This remarkable manual encompasses the author's 30 years of experience and unique perspectives teaching endoscopic sinonasal surgery to residents and fellows. It also reflects a wealth of surgical pearls from rhinology and endoscopic skull base surgery experts on how to safely navigate through the nose, sinuses, orbit, and skull base.
Following a stepwise approach designed to mirror a resident's progression in the cadaver lab, this user-friendly manual includes the most pertinent information on instrumentation, anteroposterior approaches, and postero-anterior approaches. Starting with the philosophy and history of sinus surgery, the reader is introduced to basic anatomical and surgical concepts - progressing to complete sphenoethmoidectomy and frontal sinusotomy. Subsequent chapters delineate advanced dissection techniques including dacryocystorhinostomy, orbital decompression, anterior skull base resection, infratemporal fossa approach, nasopharyngectomy, and skull base repair techniques utilizing grafts and local/regional flaps. Complementary external approaches to the frontal and maxillary sinuses are also illustrated.
Videos available online.
Exquisitely detailed full-color diagrams sequentially illustrate the appearance of the surgical cavity before and after resection, reinforcing the stepwise progression.
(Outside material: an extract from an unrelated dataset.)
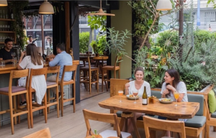 Sound is curated: ambient music with a little edge (jazz, mellow electronic, Latin fusion), volume set so you hear your companion, not shout. The spacing, the layout, and seating arrangements feel intentional.

Key concepts expertly elucidated through extensive illustrations, endoscopic views, and CT/MRI scans.
Easy-to-follow anatomical landmarks pinpoint safe surgical sinus entry zones, respective of paranasal sinuses and mucociliary pathways.
Minimally invasive approaches to restore sinus ventilation and normal nasal functioning, as well as orbital and skull base procedures and approaches described in depth.
This visually-rich manual is ideal for residents in otolaryngology-head and neck surgery, as well as rhinology and endoscopic skull base fellows. It will also benefit otolaryngologists, ophthalmologists, and neurosurgeons who wish to brush up on specific endoscopic dissection techniques relative to their individual practice needs.